'''
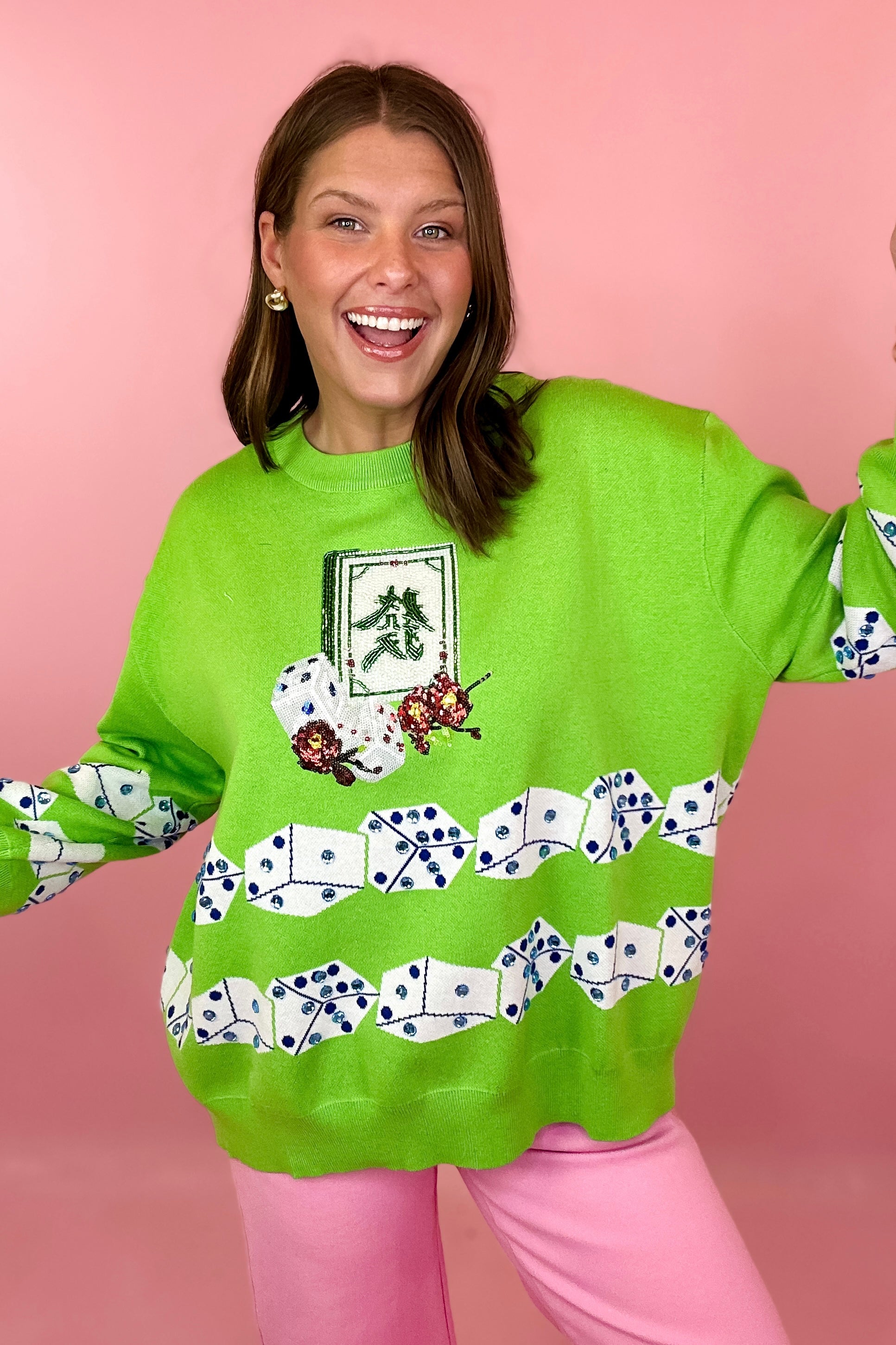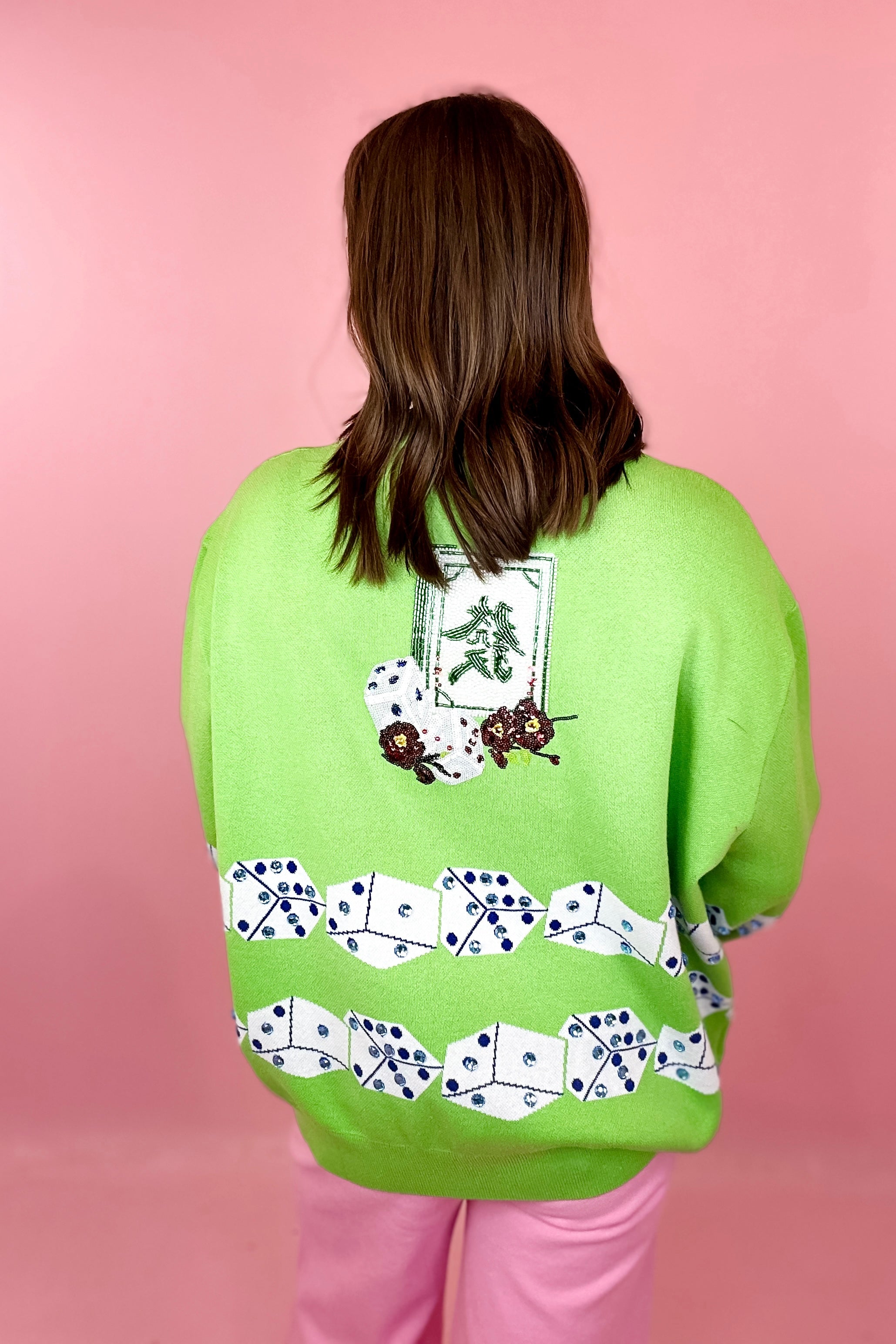 Queen Of Sparkles: Green Mahjong Tile & Dice Knit Sweater
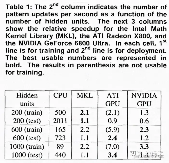 有趣的是在,这篇文章的脚注里提到了除了在NVIDIA GeForce 7800 Ultra(*www.techpowerup.com/gpu-specs/g… Pentium 4(*en.wikipedia.org/wiki/Pentiu… Radeon X1900(*www.techpowerup.com/gpu-specs/r…, ATI GPU, NV GPU上同时进行MLP加速实验对比的一些数据,看起来当时还互有千秋。
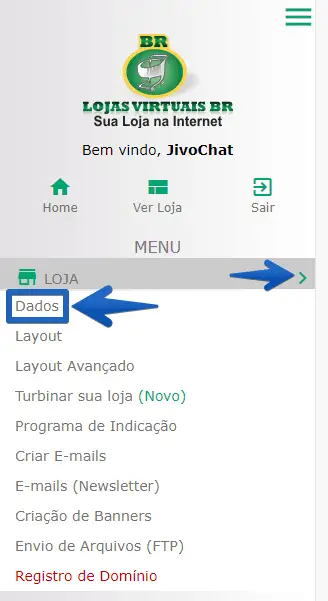 1. Acesse o painel administrativo da Lojas Virtuais BR e, no painel à esquerda, acesse o menu Loja -> Dados.
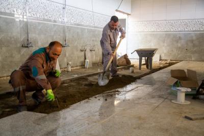 The supervisor of this project, Engineer Ammar Salah, told Al-Kafeel Network: “The work is currently distributed on all project joints in parallel lines, and the completion rate of the floor cladding has reached more than (80%). Also the bathrooms are almost completed in addition to the walls' paint, wiring works for electrical and water systems, cameras and other supporting systems. In addition to that, the work started on the facade of the building, which completion rate has reached nearly (80%).
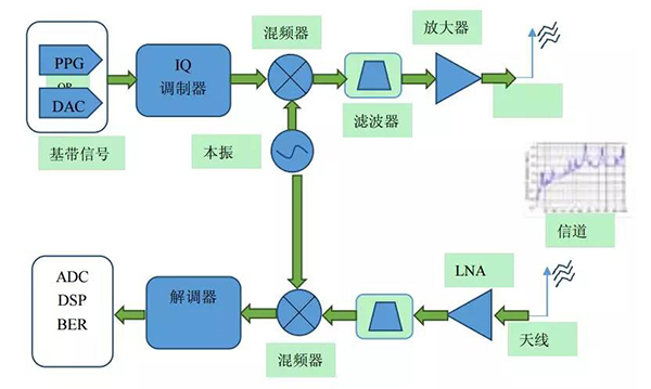 在 THz 的通信中,從器件,包括輻射源、波導(dǎo)、濾波器、調(diào)制器,甚至天線到系統(tǒng)都有廣闊的研究空間,除了基礎(chǔ)的器件驗(yàn)證,對其通信系統(tǒng)的指標(biāo)也都往往需要進(jìn)行評估。系統(tǒng)大致框圖如下:
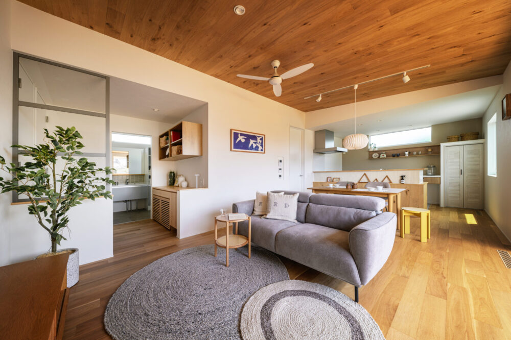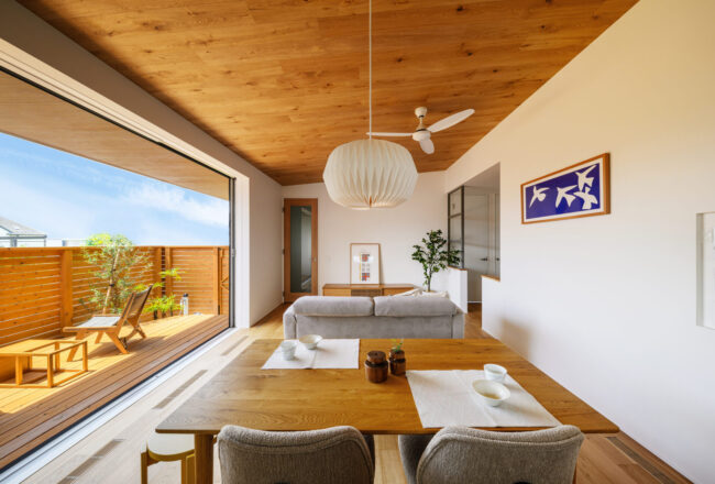 リビングを中心に、東西南北それぞれに外への視線の抜けがあり、光と風が心地好く流れ、視線の先に抜ける青空に、気持ち
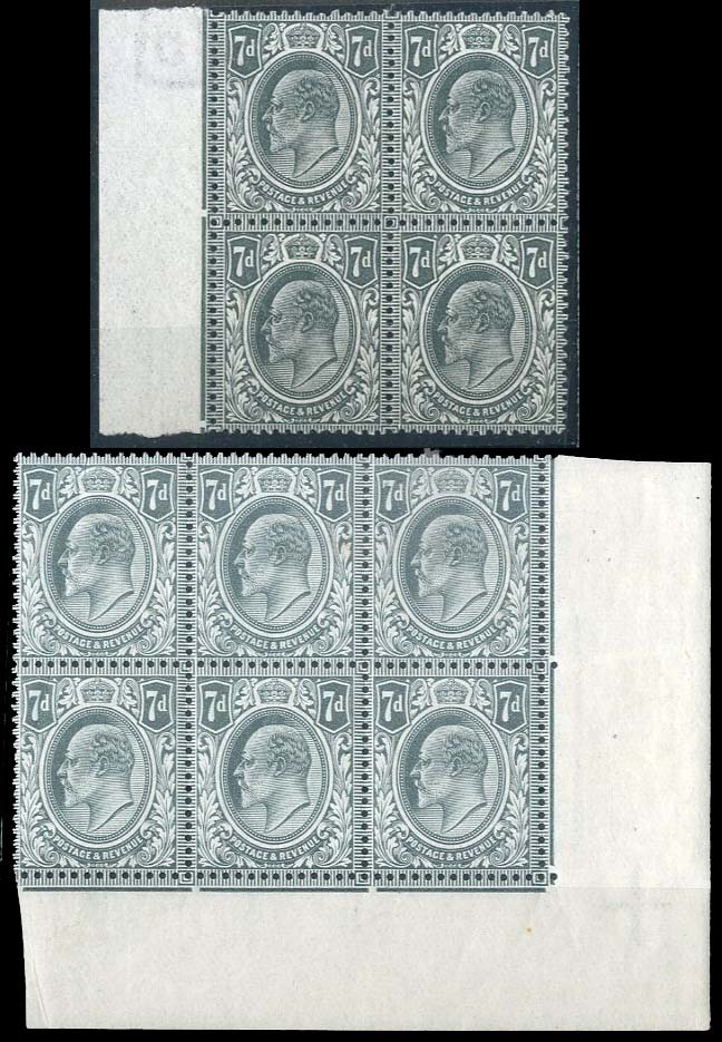 7d. slate-grey block of four from the left of the sheet, 7d. pale grey block of six (3x2) from the lower right corner of the sheet, original gum with several remaining unmounted mint, fine. M38 (2-3)
'''
[WHAT YOU NEED TO DO] In the data, the line that contains "有趣的是在,这篇文章的脚注里提到了除了在NVIDIA GeForce 7800" begins the part to write out; restate it and each line after it word for word through the end, with no pictures.

[TASK RESPONSE]
 有趣的是在,这篇文章的脚注里提到了除了在NVIDIA GeForce 7800 Ultra(*www.techpowerup.com/gpu-specs/g… Pentium 4(*en.wikipedia.org/wiki/Pentiu… Radeon X1900(*www.techpowerup.com/gpu-specs/r…, ATI GPU, NV GPU上同时进行MLP加速实验对比的一些数据,看起来当时还互有千秋。
 1. Acesse o painel administrativo da Lojas Virtuais BR e, no painel à esquerda, acesse o menu Loja -> Dados.
 The supervisor of this project, Engineer Ammar Salah, told Al-Kafeel Network: “The work is currently distributed on all project joints in parallel lines, and the completion rate of the floor cladding has reached more than (80%). Also the bathrooms are almost completed in addition to the walls' paint, wiring works for electrical and water systems, cameras and other supporting systems. In addition to that, the work started on the facade of the building, which completion rate has reached nearly (80%).
 在 THz 的通信中,從器件,包括輻射源、波導(dǎo)、濾波器、調(diào)制器,甚至天線到系統(tǒng)都有廣闊的研究空間,除了基礎(chǔ)的器件驗(yàn)證,對其通信系統(tǒng)的指標(biāo)也都往往需要進(jìn)行評估。系統(tǒng)大致框圖如下:
 リビングを中心に、東西南北それぞれに外への視線の抜けがあり、光と風が心地好く流れ、視線の先に抜ける青空に、気持ち
 7d. slate-grey block of four from the left of the sheet, 7d. pale grey block of six (3x2) from the lower right corner of the sheet, original gum with several remaining unmounted mint, fine. M38 (2-3)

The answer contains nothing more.